Это была анкета, точнее, копия анкеты, сделанная под копирку. Заголовок состоял из вопроса, напечатанного на машинке заглавными буквами: «Чем отличается ваше место жительства в Боготе от места вашего рождения?». Ниже было щедро отведенное место для ответов, которые предполагались весьма пространными. Элейн заполнила анкету в мотеле в Чапинеро, лежа на животе на расстеленной кровати, пахнущей сексом. Она подложила под нее телефонный справочник и прикрыла ягодицы простыней, чтобы защититься от руки Рикардо, от ее дерзких похождений и распутных набегов. В графе «Физические неудобства» она написала: «Мужчины в этой семье не поднимают крышку унитаза». Рикардо назвал ее избалованной чистюлей. В «Ограничении свободы постояльца» – «После девяти они запирают дверь на засов, и мне приходится будить сеньору». Рикардо сказал, что слишком уж она любит погулять. В «Сложностях с общением» – «Не понимаю, почему они говорят с детьми на вы». Рикардо сказал, что ей еще многому предстоит научиться. В «Поведении членов семьи» – «Сын любит кусать мне соски, когда кончает». Рикардо промолчал.
Вся семья провожала ее на вокзал Ла-Сабана. Это было величественное здание – колонны с каннелюрами, а вверху каменный кондор, раскинувший крылья, который, кажется, вот-вот взлетит и унесет в когтях крышу. Донья Глория вручила Элейн букет белых роз, и теперь, пересекая вестибюль с чемоданом в руке и сумочкой на плече, она уже тихо ненавидела эти цветы, превратившиеся в досадную помеху. Букет, будто перьевая метелка, то и дело утыкался в прохожих, оставляя на полу печальный лепестковый след, а каждый раз, когда Элейн пыталась перехватить его половчее или защитить от жестокой окружающей среды, ей в ладонь впивались шипы.

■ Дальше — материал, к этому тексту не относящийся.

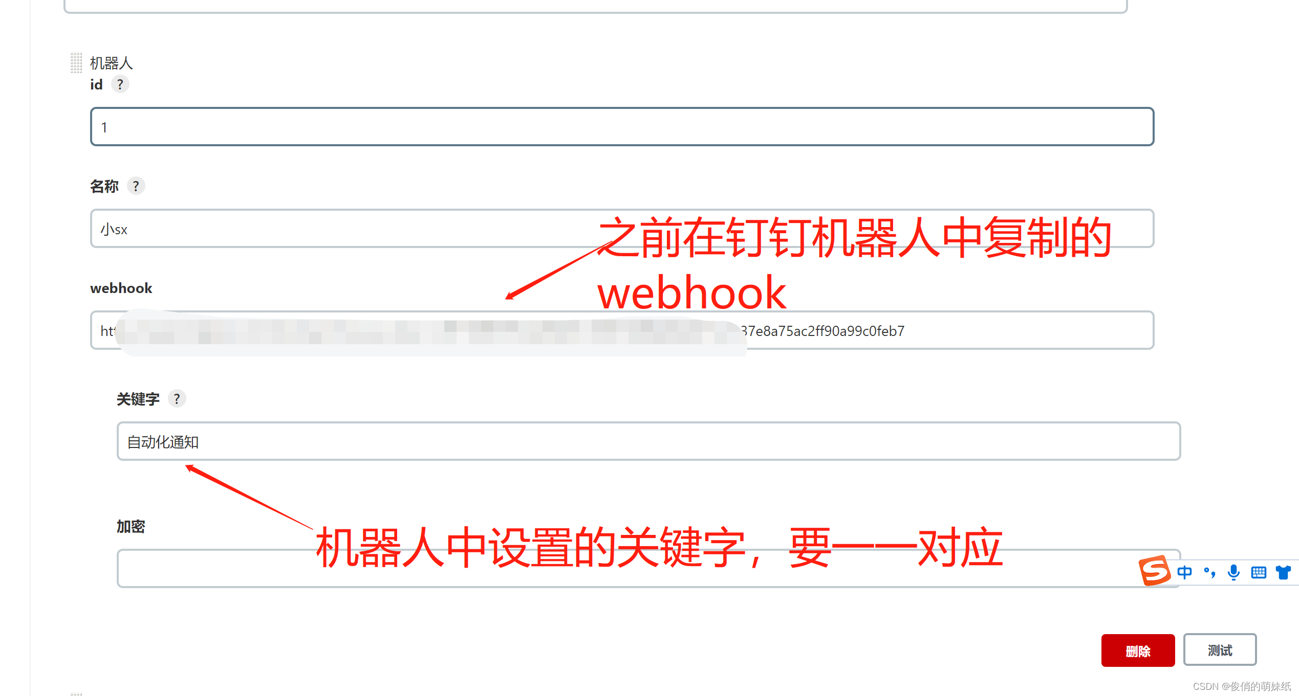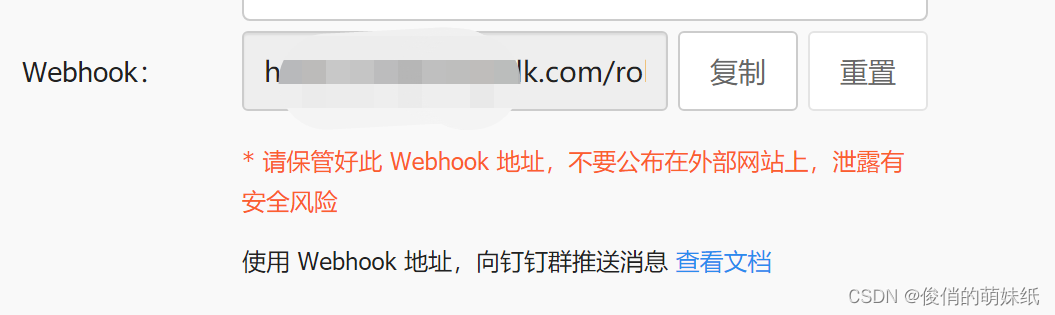 添加完成后,复制webhook,很关键

Отец семейства, в свою очередь, приберег свой дар на потом и достал его уже на платформе. Посреди вокзальной суеты, отбиваясь от чистильщиков ботинок и попрошаек, он объяснил, что это книга одного журналиста, вышла пару лет назад, но все еще хорошо продается, и хоть сам этот тип – тот еще мужлан, книга, говорят, неплоха. Элейн разорвала оберточную бумагу и увидела на обложке девять синих прямоугольников с обрезанными углами, а внутри прямоугольников – колокольчики, солнца, фригийские колпаки, цветочные орнаменты, месяцы с женскими лицами, черепа со скрещенными костями и пляшущих чертенят. Все это показалось ей абсурдным и необоснованным, а название, «Сто лет одиночества» – претенциозным и мелодраматичным. Дон Хулио подчеркнул длинным ногтем перевернутую букву «Е»[70] в последнем слове. «Я поздно спохватился, – извинился он. – Если захотите, можем попробовать обменять на другую». Элейн сказала, что это неважно, что из-за глупой опечатки она не откажется от возможности почитать в поезде. Несколько дней спустя она напишет бабушке с дедушкой:
«Пожалуйста, пришлите мне что-нибудь почитать, а то по вечерам здесь ужасно скучно. У меня тут есть только одна книга, которую мне подарил сеньор, и я пыталась ее читать, честное слово, я пыталась, но язык ужасно сложный, и всех героев зовут одинаково. Жутко нудная, и даже на обложке опечатка. Ну как такое может быть? Ее переиздавали четырнадцать раз, но так и не исправили. А вы там читаете последнего Грэма Грина. Так нечестно!»
Письмо продолжается так:
«Ну ладно, расскажу вам немного о том, где я сейчас и где буду в ближайшие две недели. В Колумбии три горные гряды: Восточная Кордильера, Центральная и (да, вы угадали) Западная. Богота находится на последней, на высоте 8500 футов. Мой поезд спустился по горе до реки Магдалена, самой главной в стране. Река протекает по красивой долине, это один из самых чудесных пейзажей, которые я видела в жизни, настоящий рай. И путь сюда тоже очень живописный. Я никогда раньше не видела столько птиц и цветов. Как же я позавидовала дяде Филипу! Его знаниям, само собой, но и его биноклям. Как бы ему здесь понравилось! Передавайте ему большой привет.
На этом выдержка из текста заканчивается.